Stravinsky scrambled up and riffed on music from his Petrushka ballet to produce a technically fearsome three-movement showpiece (for his friend Arthur Rubinstein). The 19-year-old pianist Andrew Li showed little difficulty with its violent challenges Tuesday evening in his Burnes Hall recital for the Foundation for Chinese Performing Arts, and the explosive workings of his digits and hands looked, and often sounded, most impressive. The musicality, wit, and rhythmic life of the puppet and his world, however, and even some of the melodic lines, mostly escaped the young artist. But as loud display, and even soft display, it awed.
Similarly Mussorgsky’s Pictures, in which Li painted many moments of tonal and expressive grandeur, majestically knocking the gate open at the end.

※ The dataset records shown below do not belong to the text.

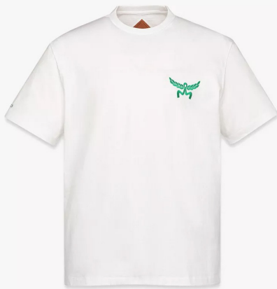
MCM X HONEY DIJON T-SHIRT IN ORGANIC COTTON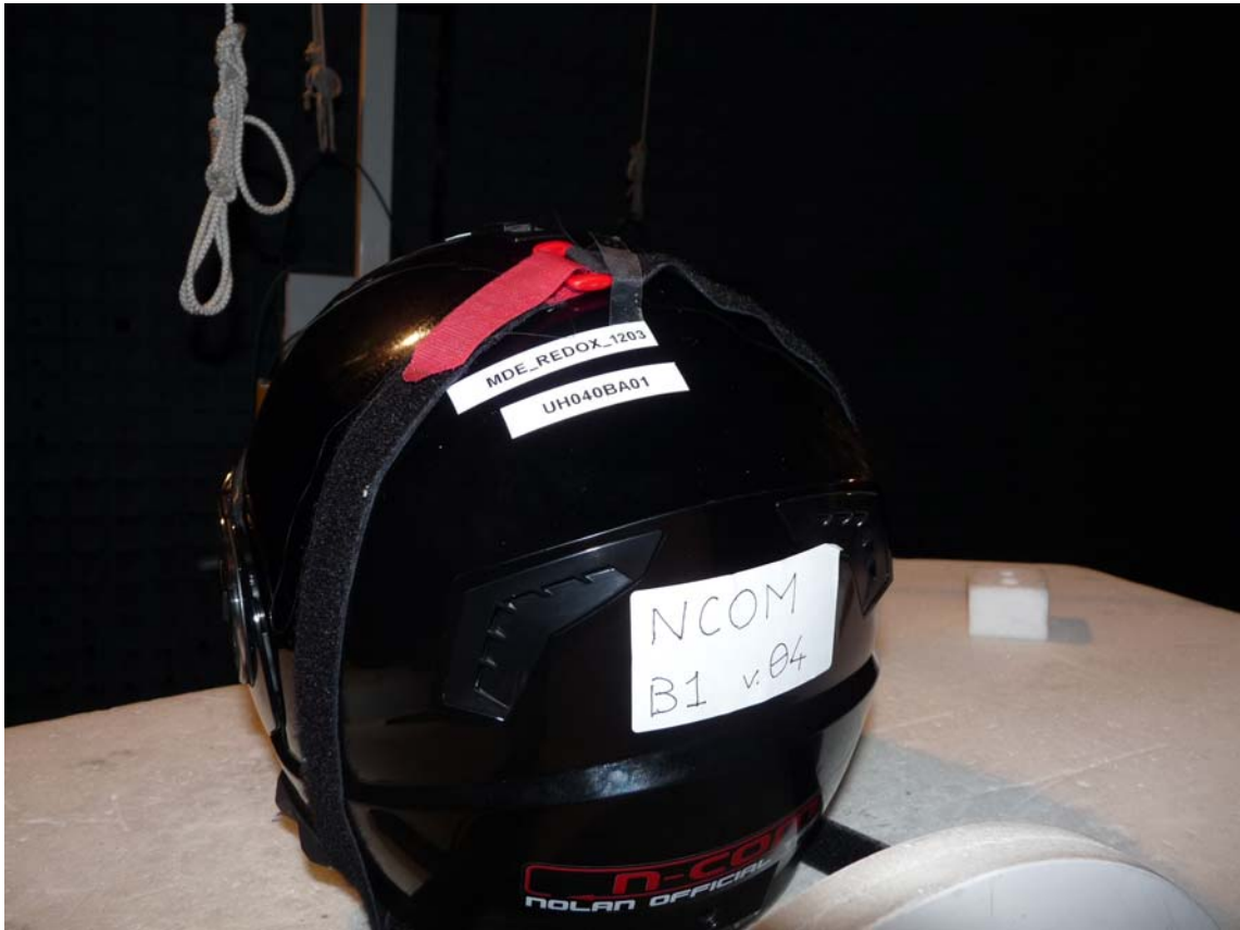
Photo 3: Test setup for radiated measurements (Enclosure, above 1 GHz)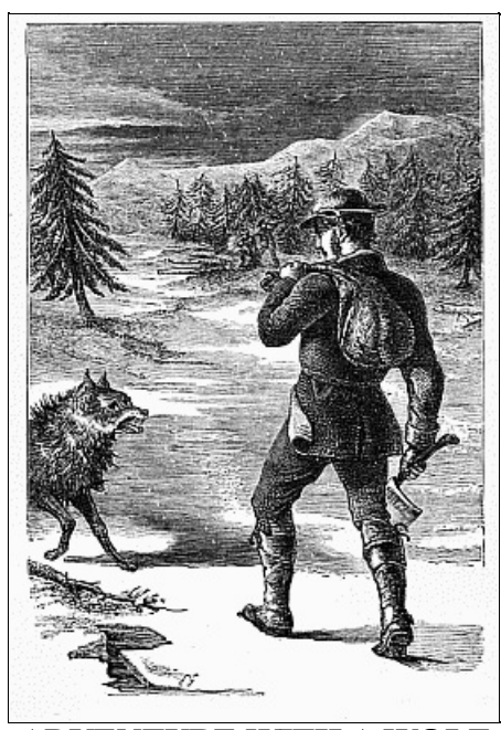
ADVENTURE WITH A WOLF

"I would have run away," said Lady Mary.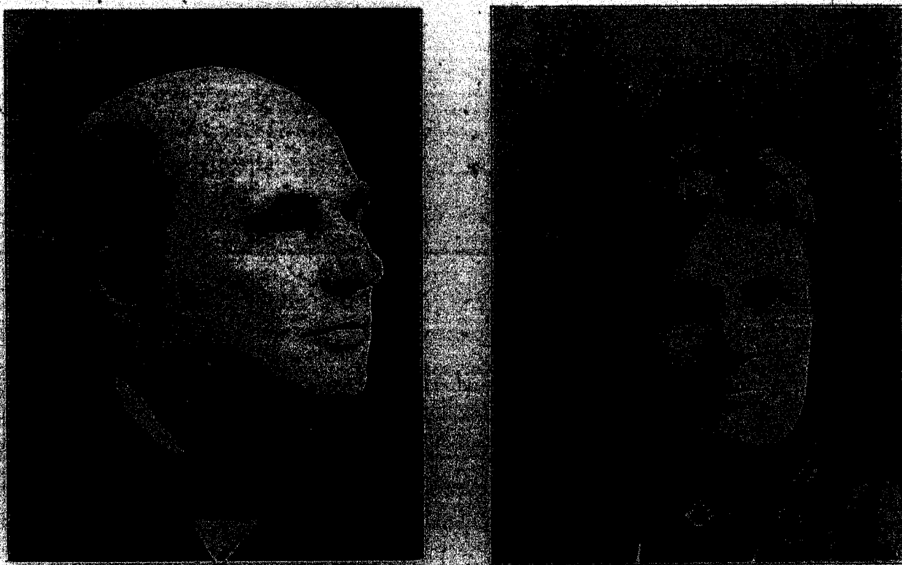
TWO OF OUR MISSIONARIES.

In the struggle for emancipation he makes many serious mistakes, in the eagerness of his desire for power and knowledge, he is more often cruel and selfish, than humane. The operative power in man is good, but the expression of that power through undeveloped souls, is often anything but spiritual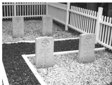
The British graves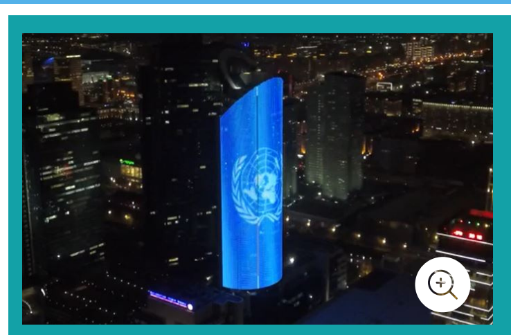
Landmark building in Nur-Sultan - Kazakhstan Temir Zholy Tower lit up UN blue in support of the UN75 and UN Day campaign during the lockdown measures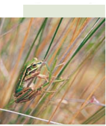
Juvenile green and golden bell frog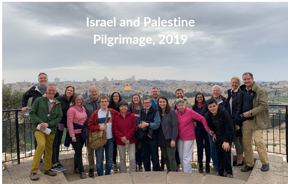
Israel and Palestine Pilgrimage, 2019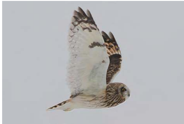
Short Eared Owl from Doug's birding trip.

Yet characterizations, as of the dancing chicks, the arguing geezers, and so on, again received insufficient recognition and differentiation.
Preceding and following these showpieces, the obligatory Schubert (F-minor Impromptu), Beethoven (Sonata Opus 90), and Chopin (encore; Etude Op. 10 No. 8) were unloved, almost uncomprehended beyond notes on page. Even those wistful Q&A sections of the Schubert sounded like enriched, beautiful exercises. The Beethoven, which features much Haydnesque wit as well as Schubertian song, was shapeless in addition. The Chopin assaulted the ear as the full opposite of this, with a seemingly willful cluelessness that made me speculate whether Li was taking the occasion as somehow like a reality TV competition. Indeed, the slight youth exhibits video-appealing swoops and sighs with his power.
Perhaps 35 years ago I asked a famous local piano teacher how one really talented young star was doing, learning under the master what was going on in the music, what to bring out and what not to, how to understand and then think about details musical. The teacher quipped, “Oh, his fingers are too fast to hear what I have to say.” I wonder if Andrew Li has been unduly influenced by Lang Lang or Yuja Wang. Of the latter, playing Petrushka no less, Matthew Guerrieri wrote that it was ever “true to the piano’s actuality, its discrete percussiveness, its steely ring. The real drama of the repertoire, she asserted, is in the keys and hammers and muscle of its realization.” That is one unpromising, not to say ultimately disobliging, way to think about piano music and to approach pianism in general.
Not to mention that both Lang Lang and Wang recently, ostentatiously have announced the need to reboot their aesthetic.